So, it's Wednesday: my third day at my first internship. As I sit here in my cubicle, idly looking around, I thought that blogging might be something productive to do. I mean, I am the Social Media Intern, so blogging is what I'm supposed to be doing...I think.
This summer, I am interning at a prestigious communications (public relations) firm. As a rising sophomore with barely any experience, I am so blessed to have this opportunity. As the Social Media Intern, I actively work with the Social Media Manager and the Interactive team. No, I don't get coffee and no, I don't make copies. God is definitely good. So, what do I do?
I don't even know.
I have been given an enormous amount of freedom with this opportunity, but I think it's a freedom that I will have to get used to. For the past three days, I've been really frustrated. My supervisor seems completely content with me just sitting here looking cute for three months. "I have no expectations for this summer, Jessica!" he told me (as if he was reassuring me). So, no pressure, right?
Wrong.
With this much freedom, it's not really in my nature to just chill-out and stay on Facebook all day. I need to be doing some legit. Really legit. So, hopefully some ingenious idea will strike me as I sit here in gratitude.

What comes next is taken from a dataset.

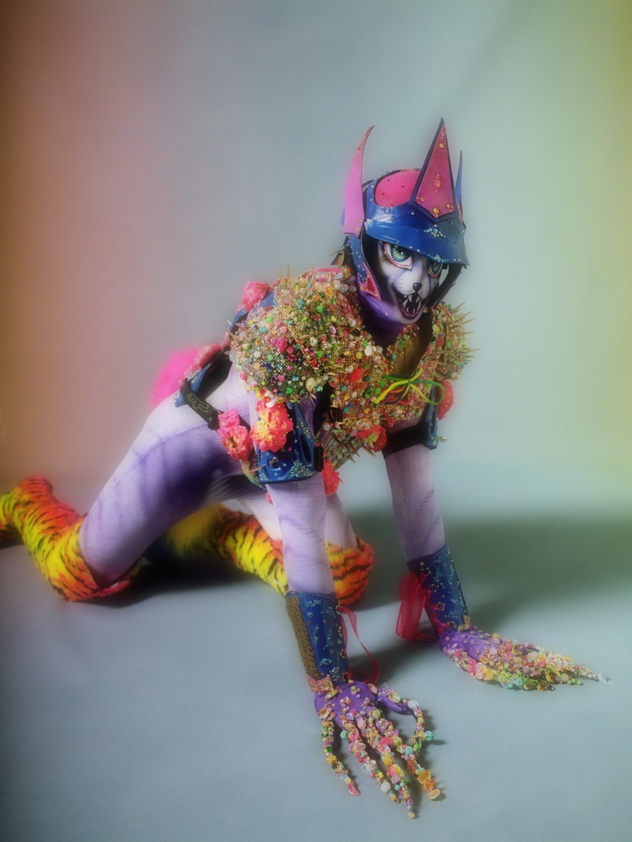 A KALTBLUT exclusive. Photography by Katie Burdon. All clothing and props are designed, conceptualized, and styled by Jonni Boi. “The images and characters I create express a sense of freedom. They not only allow me to share my own narrative but also tell the stories of those who helped me along the way. My work is rooted in my struggles as a queer person and the inspirations I draw from my community. My sole aim is to share that freedom with as many people as possible. The essence of Jonni Boi lies in a desire to spread joy, rebel, and live authentically and unapologetically. Jonni Boi is a platform that encourages fantastical self-expression.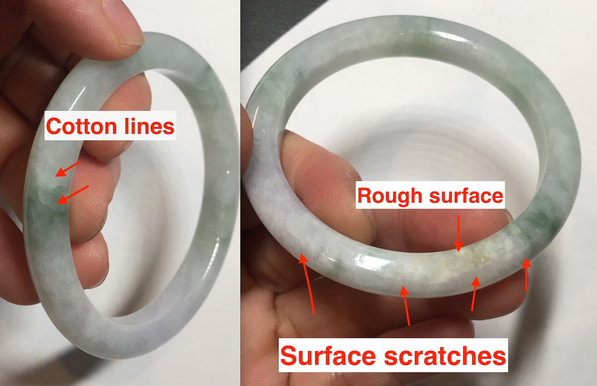 Some surface scratches on a rough surface. Some cotton lines and spots. The purple is lighter than in the photos.

Until that time, I will also sit here in frustration as my "supervisor" tells me nothing about what I should be doing...for three months. I sit in awe as I listen to a "colleague" have a phone conversation...with someone who is right across the room. I sit in wonder as I receive an email as fast as an AOL instant message...from the person in the cubicle next to me. I sit in awe as I eat a lunch at an expensive restaurant...not knowing which "colleague" paid for it. I sit in annoyance as one of the interns talks my ear off...about nothing in particular.
If nothing else is clear, one thing is for sure: I am going to have to learn to go with the flow this summer...and this may be a long summer.
heyy its mercedes.
ReplyDeleteat least you're exploring career options. if you were my dad's daughter he'd be so proud of you lol.
im so lost in this whole tryin to figure out what i wanna do for the rest of my life its overwhelming.
keep up the good work though!
thanks mercedes! lol hopefully, this will help me figure out if this is the path im supposed to be on. as for right now...it's not looking too good lol. we'll see though. i have the whole summer and me and you both have three more years. we'll figure it out.
ReplyDeletehopefully so.
ReplyDeletecuz im tired of feelin like i'm wanderin around like a bubble with no place to go lol
you will be aight... easy money i should say. Just stick it out you never know what they might have in store for u. Remember you just started........
ReplyDeleteyou'll be fine....look and listen carefully. i'm sure you'll learn something....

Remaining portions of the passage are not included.